### [EXERCISE DESCRIPTION]
In the records below, begin at the line containing "Bild: Prüfung von" and end at the line containing "Nachdem während der"; quote every line in that span exactly, including both boundary lines, and no others.

### [DATA PROVIDED]
- Opening Delimiter -

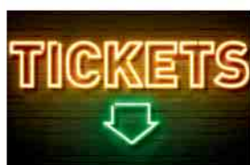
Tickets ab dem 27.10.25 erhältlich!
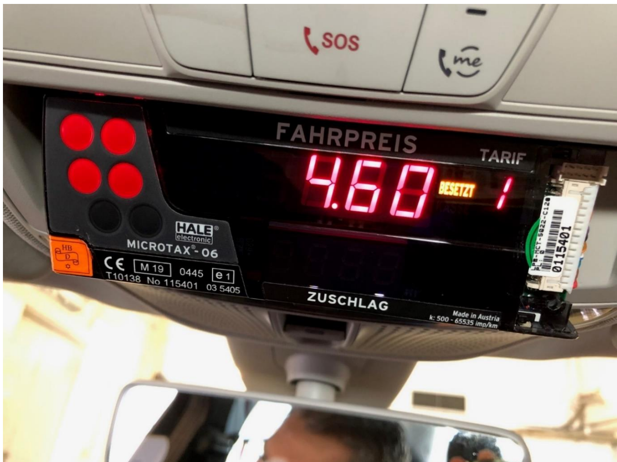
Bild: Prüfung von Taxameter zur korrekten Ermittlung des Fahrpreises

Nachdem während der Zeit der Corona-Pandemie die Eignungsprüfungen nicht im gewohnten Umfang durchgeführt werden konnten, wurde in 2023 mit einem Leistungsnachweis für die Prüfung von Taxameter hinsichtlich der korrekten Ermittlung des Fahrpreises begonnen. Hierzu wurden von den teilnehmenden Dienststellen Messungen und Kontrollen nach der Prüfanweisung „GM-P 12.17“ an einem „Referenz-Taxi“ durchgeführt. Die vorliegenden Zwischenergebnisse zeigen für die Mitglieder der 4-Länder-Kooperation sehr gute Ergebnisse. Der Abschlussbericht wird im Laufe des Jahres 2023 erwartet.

- Closing Delimiter -
- Opening Delimiter -

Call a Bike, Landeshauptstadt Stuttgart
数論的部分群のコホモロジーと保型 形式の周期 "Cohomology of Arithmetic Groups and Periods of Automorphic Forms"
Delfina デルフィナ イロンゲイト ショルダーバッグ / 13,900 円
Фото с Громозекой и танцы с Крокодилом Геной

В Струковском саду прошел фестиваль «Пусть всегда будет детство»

- Closing Delimiter -

### [RESPONSE AREA]
Bild: Prüfung von Taxameter zur korrekten Ermittlung des Fahrpreises

Nachdem während der Zeit der Corona-Pandemie die Eignungsprüfungen nicht im gewohnten Umfang durchgeführt werden konnten, wurde in 2023 mit einem Leistungsnachweis für die Prüfung von Taxameter hinsichtlich der korrekten Ermittlung des Fahrpreises begonnen. Hierzu wurden von den teilnehmenden Dienststellen Messungen und Kontrollen nach der Prüfanweisung „GM-P 12.17“ an einem „Referenz-Taxi“ durchgeführt. Die vorliegenden Zwischenergebnisse zeigen für die Mitglieder der 4-Länder-Kooperation sehr gute Ergebnisse. Der Abschlussbericht wird im Laufe des Jahres 2023 erwartet.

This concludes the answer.